* _Brief_
When copying the data below, keep only the lines from the one with "grote wervingscampagne |" through the one with "活动现场,研究生会精心准备了", word for word, and skip the pictures.

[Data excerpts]
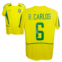 Roberto Carlos Signed Brazil Home Soccer Jersey #6 with Beckett Witness
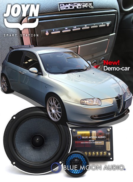 デモカーですので、搭載機器は、その時々の注目製品に置き換わってゆく運命にありますが、スタート段階としては、シンプルなインストール・操作が可能なJOYNをヘッドとし、話題のBLUE MOON AUDIOの2wayユニットをサウンドアッププログラムで取り付け、パワードサブウーファーで低域強化した、そこそこヤル気の感じられるシステムとなりました。
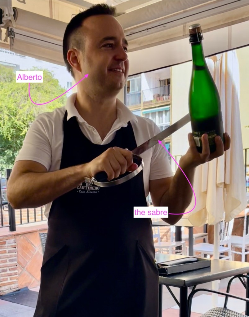 By the time DESSERT was served, we were part of the flamenco party, and Alberto was opening bottles of cava (Spanish champagne) with a large, shiny stainless-steel sabre (an act undertaken with much fanfare, called ‘sabrage’).
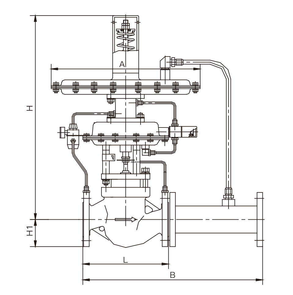 自力式帶指揮器壓力調(diào)節(jié)閥(即氮封裝置)主要用于儲罐頂部氮氣壓力恒定控制,自力式氮封閥是一種無須外來能源,以彈簧為動力核心利用被調(diào)介質(zhì)自身的壓力來控制閥芯位置變化,達到自動調(diào)節(jié)和穩(wěn)定壓力的目的,以保護罐內(nèi)物料不被氮化及儲罐的安全。該閥由ZZYVP快速泄放閥及ZZV自力式微壓調(diào)節(jié)閥兩大部分組成。快速泄放閥由壓力控制器及ZMQ-16K型單座切斷閥組成。
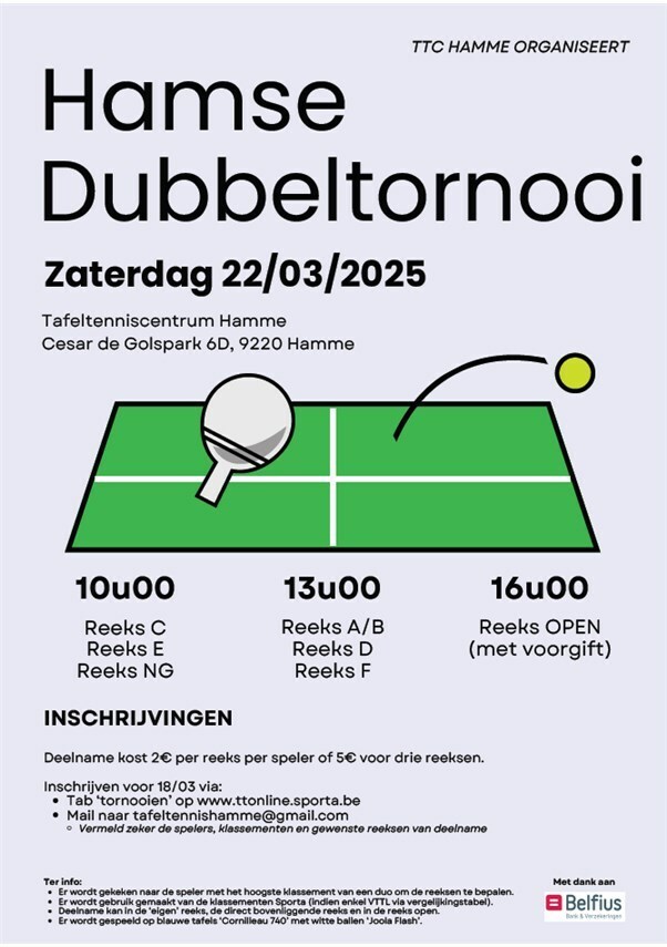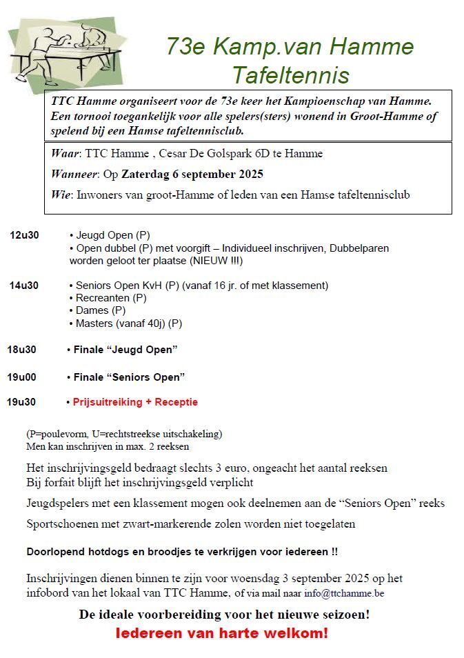 | TTC Hamme werft nieuwe leden aan! Bekijk de voorkant en de achterkant van de flyer van onze grote wervingscampagne |
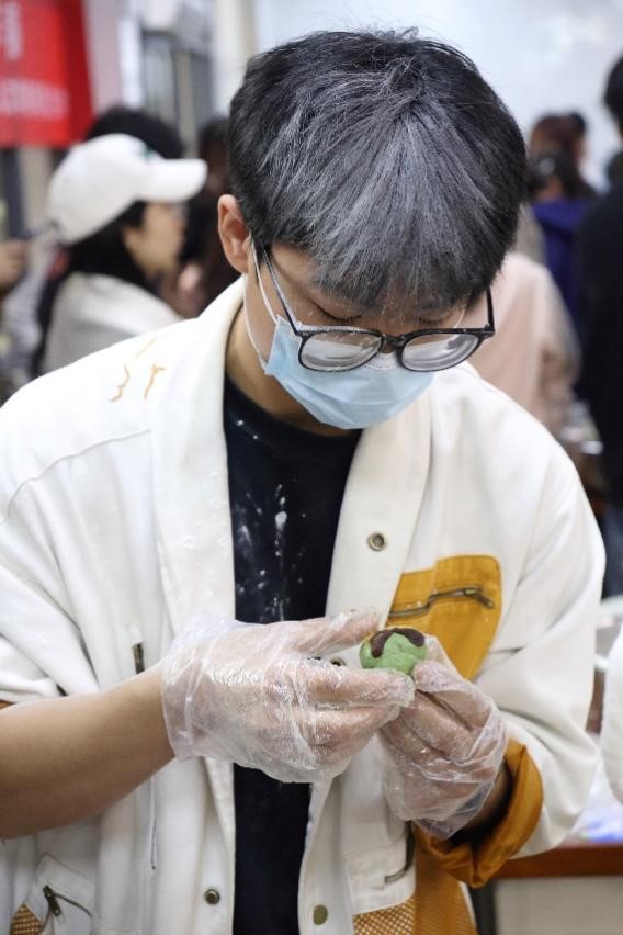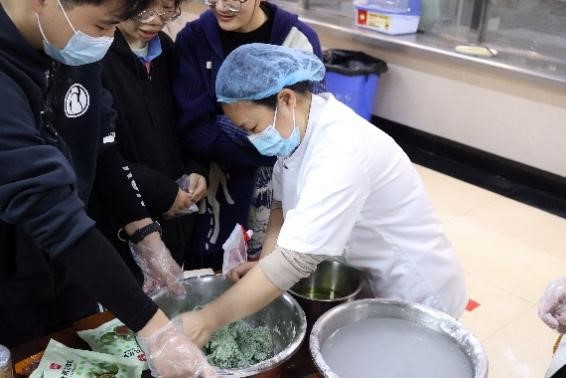 活动现场,研究生会精心准备了新鲜的艾草汁、糯米粉、馅料等食材和制作工具。同学们分成若干小组,围坐在一起,在专业师傅的指导下,开启了青团制作之旅。揉面、包馅、成型,每一个步骤大家都全神贯注。有的同学手法娴熟,不一会儿就做出了圆润饱满的青团;有的同学则是初次尝试,在制作过程中遇到了不少小问题,但在同伴的帮助和老师的指导下,也逐渐掌握了技巧。现场欢声笑语不断,大家在相互协作的劳动中增进了彼此的了解和友谊。
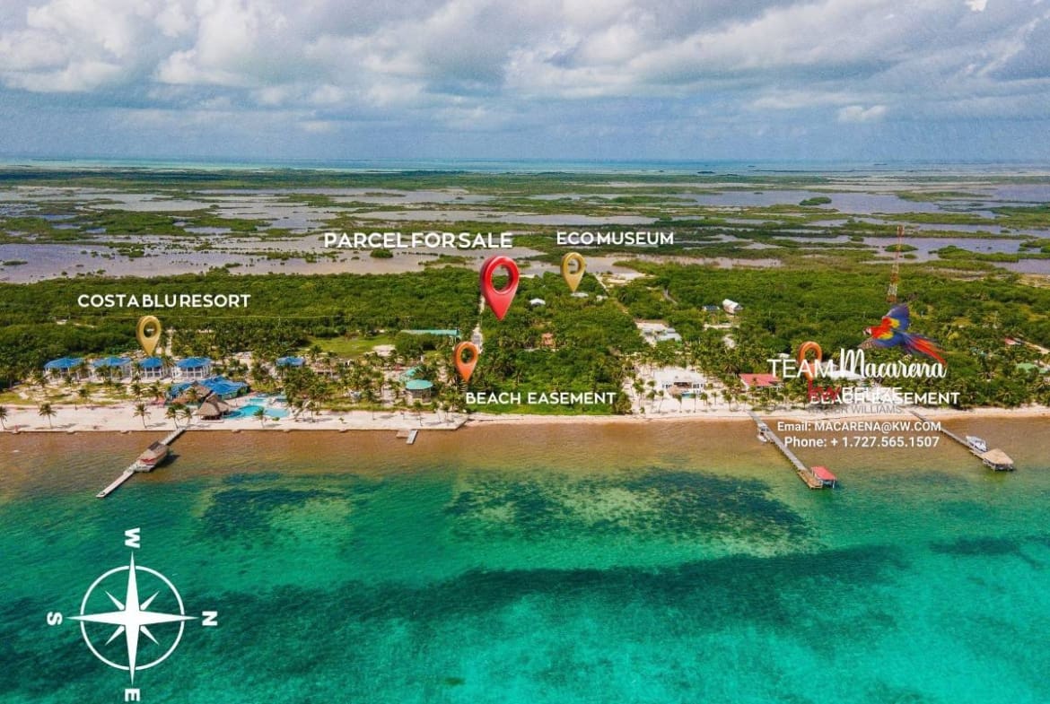 Positioned 7 miles north of San Pedro Town, the lot is second row from the Caribbean Sea with a defined beach access easement, allowing you to reach the shoreline in about 300 feet. The property’s generous dimensions are: The surveyed size of 80 ft x 260 ft, 20,800 sq. ft. (0.48 acres), and expansive 340 ft of road frontage make it one of the most dynamic development sites in the area.
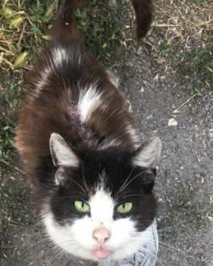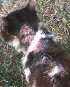 Цей котик з’явився у дворі дніпровської багатоповерхівки декілька днів тому. Ніхто не поспішав надати допомогу бідолазі. Як розповідають волонтери Дніпра, його жахливий вигляд привертав погляди, викликав жалість або огиду, але всі поспішали у своїх справах, і на кота ні в кого часу не знаходилося.
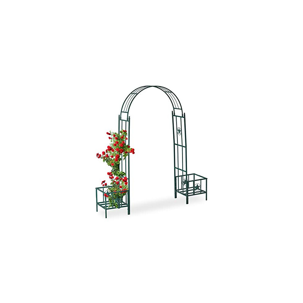 Relaxdays Rose Arch with Planters, Weatherproof, Metal Trellis, Climbers Support, Garden, HWD 226x204x45 cm, Green
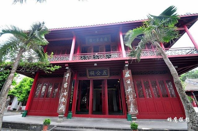 五公祠是为纪念唐、宋朝时期贬到海南的五位著名历史人物:唐朝名相李德裕、宋朝名相李纲、李光、赵鼎、名臣胡诠而建的。五公祠为一组古建筑群的统称,它由观稼堂、学圃堂、东斋组成,并和苏公祠 、两伏波祠及其拜亭、洞酌亭、粟泉亭、洗心轩、游仙洞先进连成一片,始建于明万历年间。
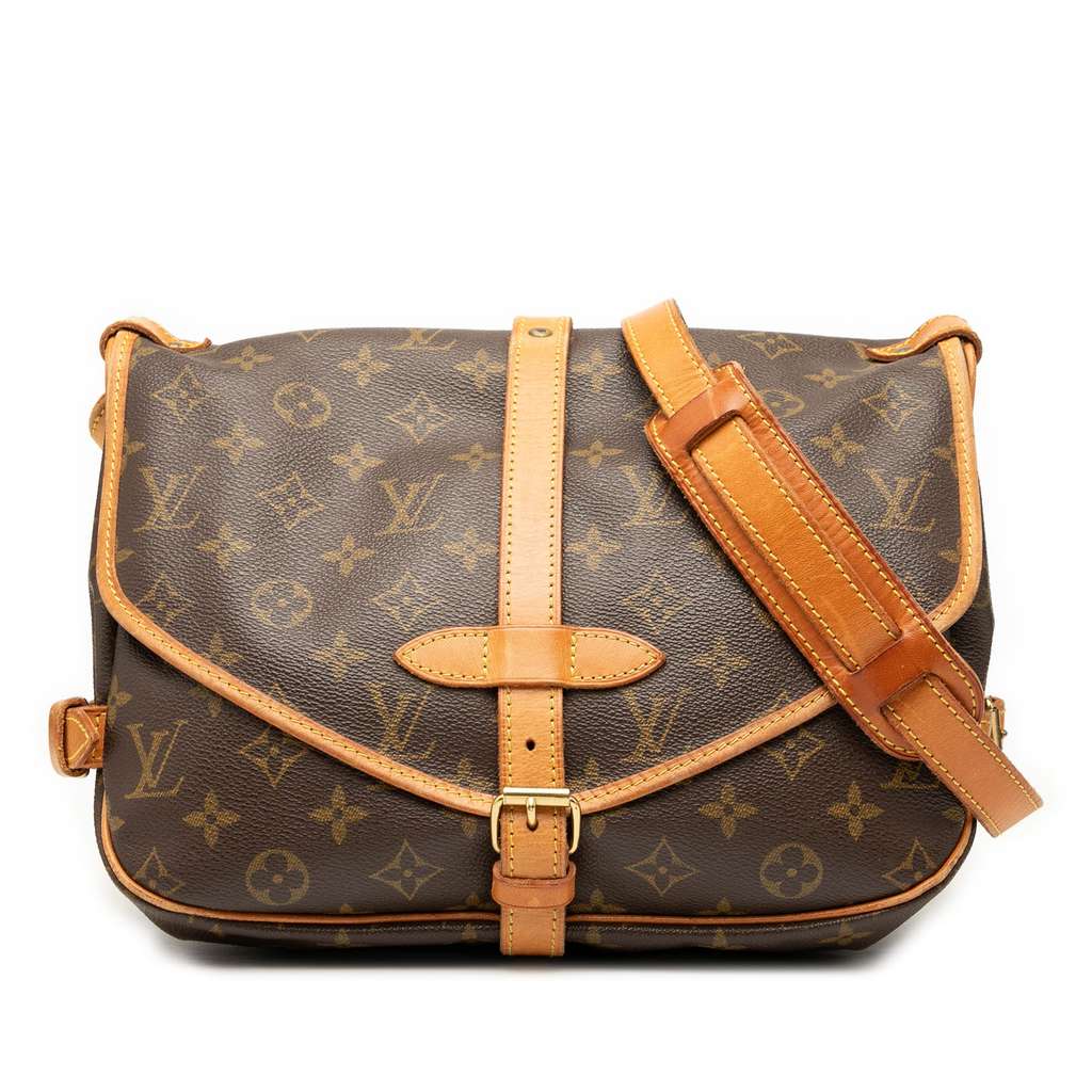 The Saumur 30 features a monogram canvas body with vachetta leather trim, a flat adjustable vachetta leather shoulder strap, double open compartments with front flaps and belt buckle closures, and an interior slip pocket.

* _Exercise result_
 | TTC Hamme werft nieuwe leden aan! Bekijk de voorkant en de achterkant van de flyer van onze grote wervingscampagne |
 活动现场,研究生会精心准备了新鲜的艾草汁、糯米粉、馅料等食材和制作工具。同学们分成若干小组,围坐在一起,在专业师傅的指导下,开启了青团制作之旅。揉面、包馅、成型,每一个步骤大家都全神贯注。有的同学手法娴熟,不一会儿就做出了圆润饱满的青团;有的同学则是初次尝试,在制作过程中遇到了不少小问题,但在同伴的帮助和老师的指导下,也逐渐掌握了技巧。现场欢声笑语不断,大家在相互协作的劳动中增进了彼此的了解和友谊。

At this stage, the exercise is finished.